Code to scrape , download and upload to youtube daily

Youtube_Automated_Channel Code to scrape , download and upload to youtube daily INSTRUCTIONS Download the Github Repository Download and install Pytho

2 Dec 19, 2021

This repository contains code for a youtube-dl GUI written in PyQt.

youtube-dl-GUI This repository contains code for a youtube-dl GUI written in PyQt. It is based on youtube-dl which is a Video downloading script maint

191 Jan 2, 2023

Source code of paper: "HRegNet: A Hierarchical Network for Efficient and Accurate Outdoor LiDAR Point Cloud Registration".

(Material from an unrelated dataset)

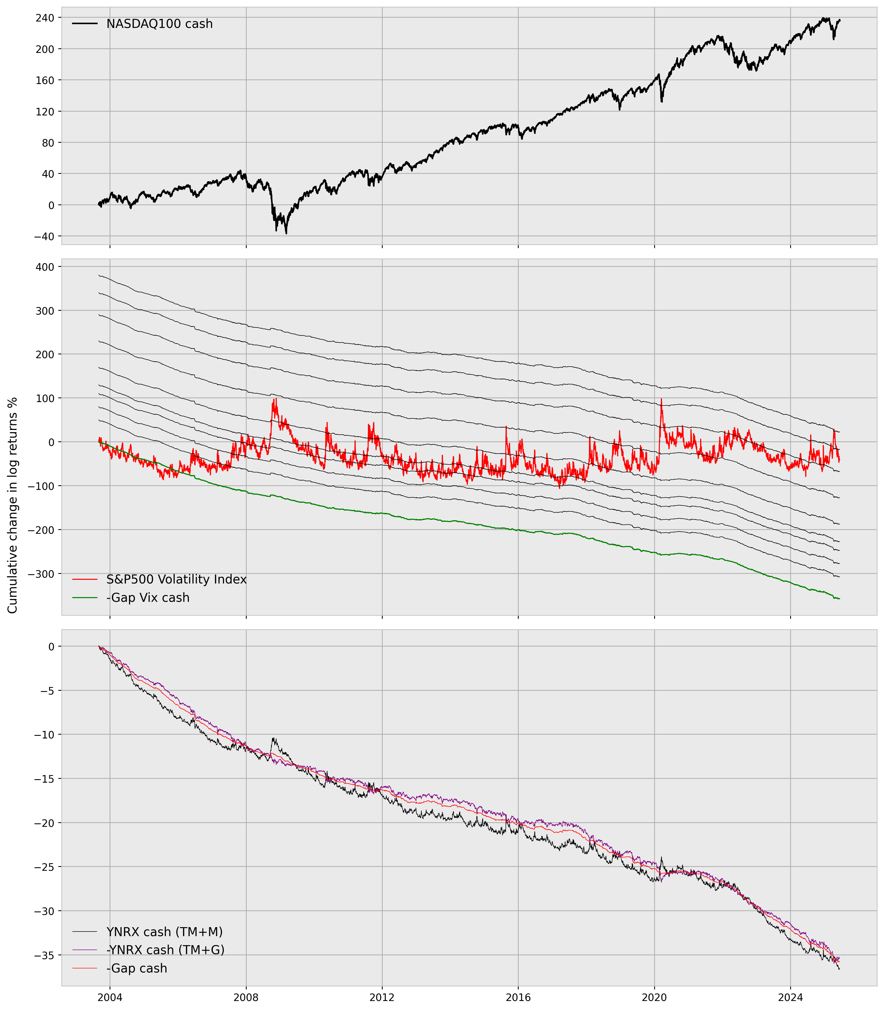 Es como si todo cuadrase desde un principio........... como si estuviese hecho a posta el mercado para que de ese resultado......... es intrigante. De hecho, y ya se explicará mejor el tema, esas grandes caídas solo se detectaban al aplicar los modelos YNRX, MBI y RSG sobre el activo (Nasdaq100), pero estos modelos no eran capaces de detectar los mínimos parciales (los mas pequeños). Analogamente, trazados esos modelos sobre el indice de volatilidad implícita, solo capta de manera natural las caídas pequeñas, pero no las grandes, las grandes solo se captan con el primer gráfico. BOOOOOMMMMMMM CEREBRAL

HRegNet: A Hierarchical Network for Efficient and Accurate Outdoor LiDAR Point Cloud Registration Environments The code mainly requires the following

Intelligent Sensing, Perception and Computing Group

3 Oct 6, 2022

code for paper"3D reconstruction method based on a generative model in continuous latent space"

PyTorch implementation of 3D-VGT(3D-VAE-GAN-Transformer) This repository contains the source code for the paper "3D reconstruction method based on a g

5 Apr 25, 2022

Code for "Adversarial Motion Priors Make Good Substitutes for Complex Reward Functions"

Adversarial Motion Priors Make Good Substitutes for Complex Reward Functions Codebase for the "Adversarial Motion Priors Make Good Substitutes for Com

54 Dec 13, 2022

GTK4 + Python tutorial with code examples

Taiko's GTK4 Python tutorial Wanna make apps for Linux but not sure how to start with GTK? This guide will hopefully help! The intent is to show you h

190 Jan 8, 2023

This is discord nitro code generator and checker made with python. This will generate nitro codes and checks if the code is valid or not. If code is valid then it will print the code leaving 2 lines and if not then it will print '*'.

Discord Nitro Generator And Checker ⚙️ Rᴜɴ Oɴ Rᴇᴘʟɪᴛ ??️ Lᴀɴɢᴜᴀɢᴇs Aɴᴅ Tᴏᴏʟs If you are taking code from this repository without a fork, then atleast

37 Jan 7, 2023

This is the official source code for SLATE. We provide the code for the model, the training code, and a dataset loader for the 3D Shapes dataset. This code is implemented in Pytorch.

SLATE This is the official source code for SLATE. We provide the code for the model, the training code and a dataset loader for the 3D Shapes dataset.

66 Dec 26, 2022

IDE allow you to refactor code, Baron allows you to write refactoring code.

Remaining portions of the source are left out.